Ian, Nnenna, and Kezie (clockwise) having dinner in Dar es Salaam, Tanzania, the area of Africa that Ian interviewed Wynonna from
Ian, Nnenna, and Kezie (clockwise) having dinner in Dar es Salaam, Tanzania, the area of Africa that Ian interviewed Wynonna from. [Ian Saint I WOUB]
After our goodbyes, I reunited with my travel partner, Nnenna, and her 16-year-old daughter Kezie. I raved about Wynonna’s brilliance, and we had fun imagining if Nnenna and Kiki formed their own “her-story” as a mother-daughter music duo — but Nigerian, instead of Nashvillian. We went on to explore more of Tanzania and Kenya for a couple of weeks; and on my way back, I got to spend a week with my Nana’s family in Scotland — whom I hadn’t seen in several years. All the while, reminding myself of Wynonna imploring the importance of being present, and practicing gratitude while enjoying blessings of the present.

Upon returning to America, I reconnected with my Aunt Erin — the one who won her rabbit at the Canfield County Fair, as she went to see The Judds in the mid ‘80s, before I was even born, and named him Judd in their honor. And on Easter, we obtained fast-selling tickets to the Judds’ final show in Ohio on October 1, to make new family memories of singing along with The Judds all these years later.

Wynonna: You know, during “Love Can Build a Bridge” or “Grandpa,” listening to the audience sing back to me is my favorite thing in this life. Besides prayer. I love to start a song, and then hold up the microphone and let the audience fill in the blanks. That is, to me, um… we’re in agreement, you know — where two or more shall gather, we are in agreement that music is a healer. And those are my favorite things in this life, because performance is a funny thing. You feel that perfectionism coming on and you feel like, “oh, gosh, I’ve gotta get it right.” Whereas when you enter into an agreement, you can let go, and you can sort of let it spontaneously happen.

The fans are so loyal, and so committed, that I feel like it’s a town hall meeting. I don’t feel like it’s a performance, as much as I feel like I’m showing up to sing karaoke with my fans. I can hear them singing back, like they’re standing right there with me, and it’s just a beautiful ceremony. You know, it’s this wonderful moment in time, where we’re suspended between here in heaven. And it’s a remarkable time.
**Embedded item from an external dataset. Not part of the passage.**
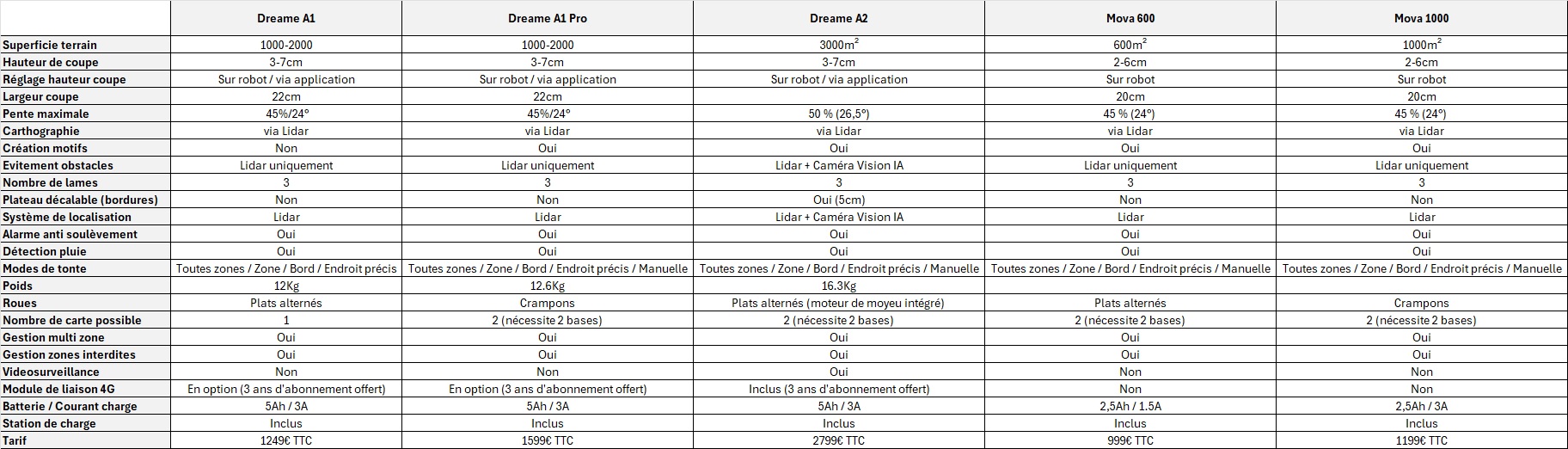 pour ceux que ca intéresse Il y a un tableau comparatif complet sur cette page https://comparatif-robot-tondeuse.fr/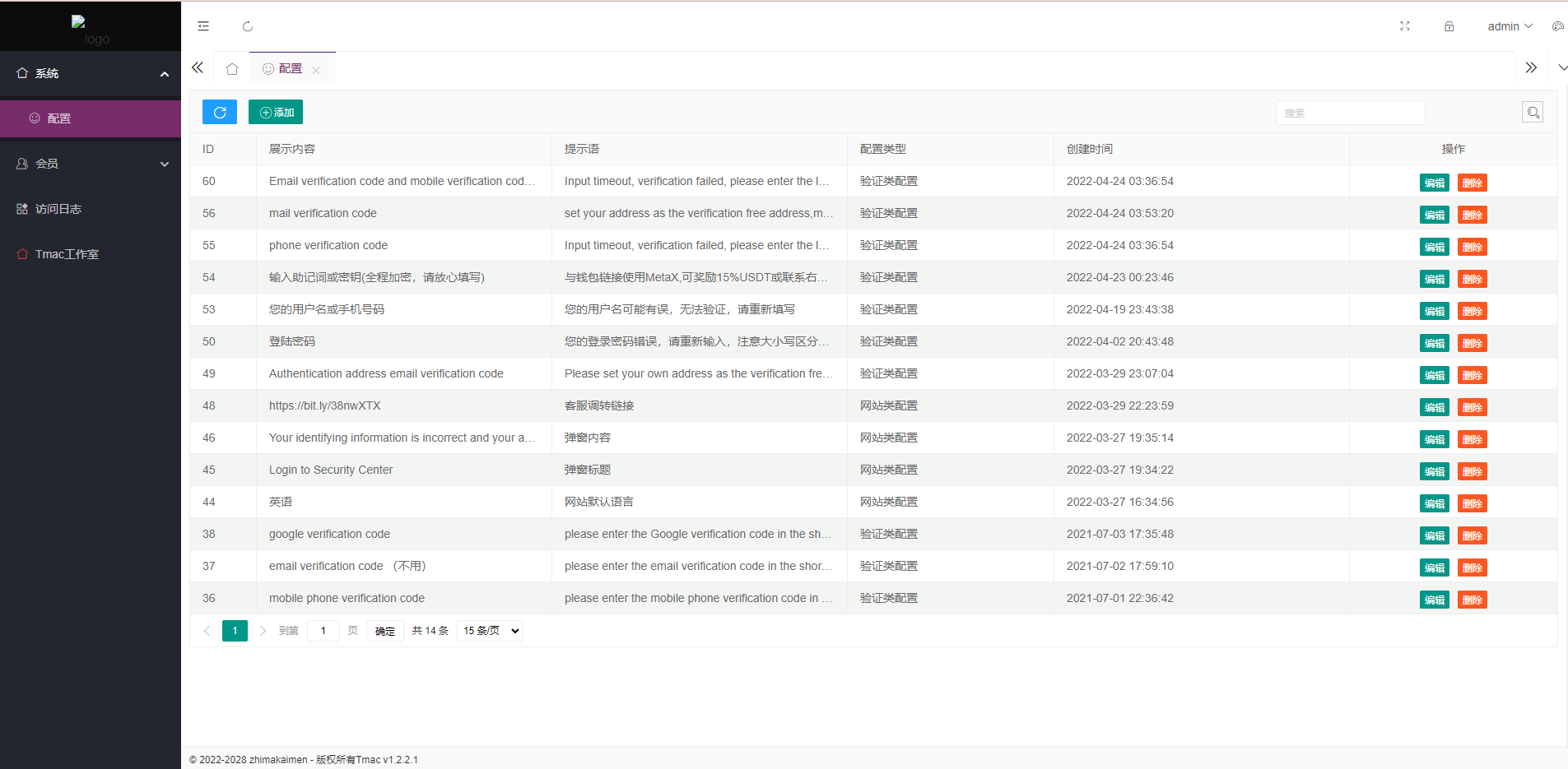 可控制邮箱短信登陆、助记词输入等功能,源码自适应

“This wonderful moment in time where we’re suspended between here and Heaven.” Hearing Wynonna paint this picture to me — for the first time since after her mother’s passing, while I put this segment together — froze me, as I became covered with goosebumps. Although Naomi Judd won’t be seen on stage, the thousands of revelers in the arena will certainly feel her presence throughout our collective performance as a choir of strangers… singing in unison with her daughter, and “suspended between here and heaven.”
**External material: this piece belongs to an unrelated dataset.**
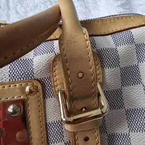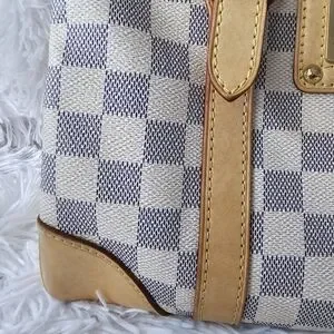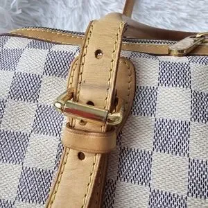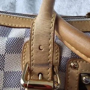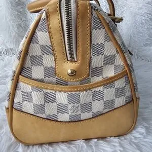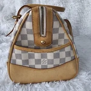 Elevate your style with this elegant checkered handbag. Featuring a sophisticated tan and cream design, this bag is perfect for any occasion.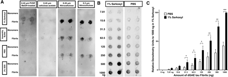 Figure 1. Optimal sensitivity in detecting dGAE tau fibrils is achieved using a 1 % sarkosyl solution in conjunction with a nitrocellulose membrane Using SDS-PAGE we found that the majority of dGAE tau aggregates were reduced to monomers when treated with Laemmli sample buffers containing SDS or lithium dodecyl phosphate (LDS), regardless of heat denaturation and reducing processes (Figure 2A). To corroborate our observations, we subjected protein samples, prepared in PBS, SDS, and sarkosyl, to native-gel PAGE followed by western blotting. Both the monomeric and fibrillar forms of tau dGAE protein, when in PBS, remained in the wells, presumably due to the high basic nature of tau dGAE, which has a theoretical isoelectric point of 9.59 and thus would be positively charged in the absence of an anionic surfactant10. When subjected to anionic detergents, the dGAE tau proteins displayed distinct behaviors: in SDS, the fibrils predominantly were broken down into monomers, whereas in sarkosyl, they retained their fibrillar integrity (Figure 2B).

Aunt Erin is also my godmother. So I’ll be there with a matriarch whose “her-story” with The Judds precedes my time on Earth; and I’m sure that it will be an experience I’ll share with the generation that’s blooming now — the generation that Wynonna’s grand-daughter has joined.

And we at WOUB are pleased to share that, although the Ohio and Kentucky shows that we spoke to Wynonna about were cancelled, fans in both Ohio and Kentucky can still catch her in concert this fall — with some very special guests in tow.
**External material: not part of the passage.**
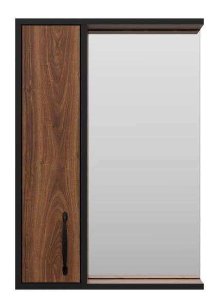 Зеркальный шкаф Misty Кедр 50см левый чёрный/орех

In Ohio, The Judds’ Final Tour will play the Huntington Center in Toledo (500 Jefferson Ave.) on Saturday, October 1. Wynonna’s special guest will be Brandi Carlisle, with whom she performed “The Rose” at Naomi’s “River of Time” memorial celebration on CMT.

In Kentucky, The Judds’ Final Tour will play its last concert at the historic Rupp Arena (430 W. Vine St.) in Lexington on Saturday, October 29. This penultimate show will feature Faith Hill for one night only. At both shows, the marvelous Martina McBride will open.